The Andrew W. Mellon Foundation has granted nearly $600,000 over two years to a multi-institutional project directed by John Unsworth, Dean of the Graduate School of Library and Information Science at the University of Illinois, Urbana-Champaign. The project builds on the D2K (Data to Knowledge) software developed by Michael Welge’s Automated Learning Group at the National Center for Supercomputing Applications, and it will include partners in humanities research computing at the University of Georgia, the University of Maryland, and the University of Virginia. The project will produce software for discovering, visualizing, and exploring significant patterns across large collections of full-text humanities resources in existing digital libraries and collections at Tufts University, the University of Illinois, Indiana University, the University of Michigan, the University of North Carolina, the University of Virginia, and other institutions.

“In search-and-retrieval,” Unsworth says, “we pose specific queries and get back answers to those queries; by contrast, the goal of data-mining is to produce new knowledge by exposing unanticipated patterns. Over the last decade, many millions of dollars have been invested in creating digital library collections: the software tools we’ll produce in this project will make those collections significantly more useful for research and teaching.”

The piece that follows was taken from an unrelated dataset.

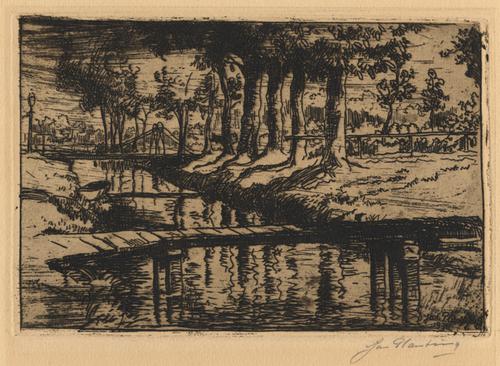 Tekening van de Kaden met zicht op de Hoofdbrug

Stephen Ramsay, the University of Georgia’s representative on the project and a member of the UGA English Department, agrees: “literary criticism and data mining share an important common ground: both are concerned with the isolation of patterns in data. Students of literature are often trying to detect patterns of change in the language or structure of literary works. Sometimes, this search for pattern is ordered toward the demonstration of some interpretive insight, but this order is just as often reversed—we notice patterns in texts and those patterns inspire interpretive insight.”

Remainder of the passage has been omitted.